Global food trade is poised for a resilient year ahead even as international food commodity prices are set to remain high amid supply and demand uncertainties, according to a new report released by the Food and Agriculture Organization of the United Nations (FAO).
The report notes that trade flows continued to reach new highs during the ongoing COVID-19 pandemic. In fact, on a global level, trade in agricultural products – particularly less-perishable foods – performed more robustly than the broader merchandise sectors.
That has contributed to drive FAO’s provisional forecast for the world food import bill in 2021 to $1.72 trillion, a 12 percent increase from its previous high of$1.53 trillion in 2020.

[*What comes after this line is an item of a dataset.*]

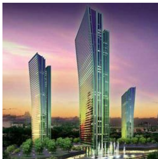
Сур.2. «На водно-зеленом бульваре» тұрғын үй кешені, «Изумрудный квартал» Астана, қ.

However, rising prices raise concerns that higher outlays may still mask deteriorating quantitative and qualitative dietary trends in vulnerable countries.
Food Outlook, issued twice a year, offers a detailed assessment of market supply and demand trends for the world’s major foodstuffs, including cereals, vegetable oils, sugar, meat and dairy and fish. It also looks at trends in futures markets and shipping costs for food commodities.
Among its findings, measured by the FAO Global Food Consumption Price Indices, is that the average worldwide consumer price of protein in May 2021 was 23 percent above its May 2020 level. Calories, in prices, meanwhile, were up 34 percent year-on-year and hit their highest level since February 2013. The difference reflects stronger price rises for wheat, coarse grains and vegetable oils compared to meats, dairy products and fish.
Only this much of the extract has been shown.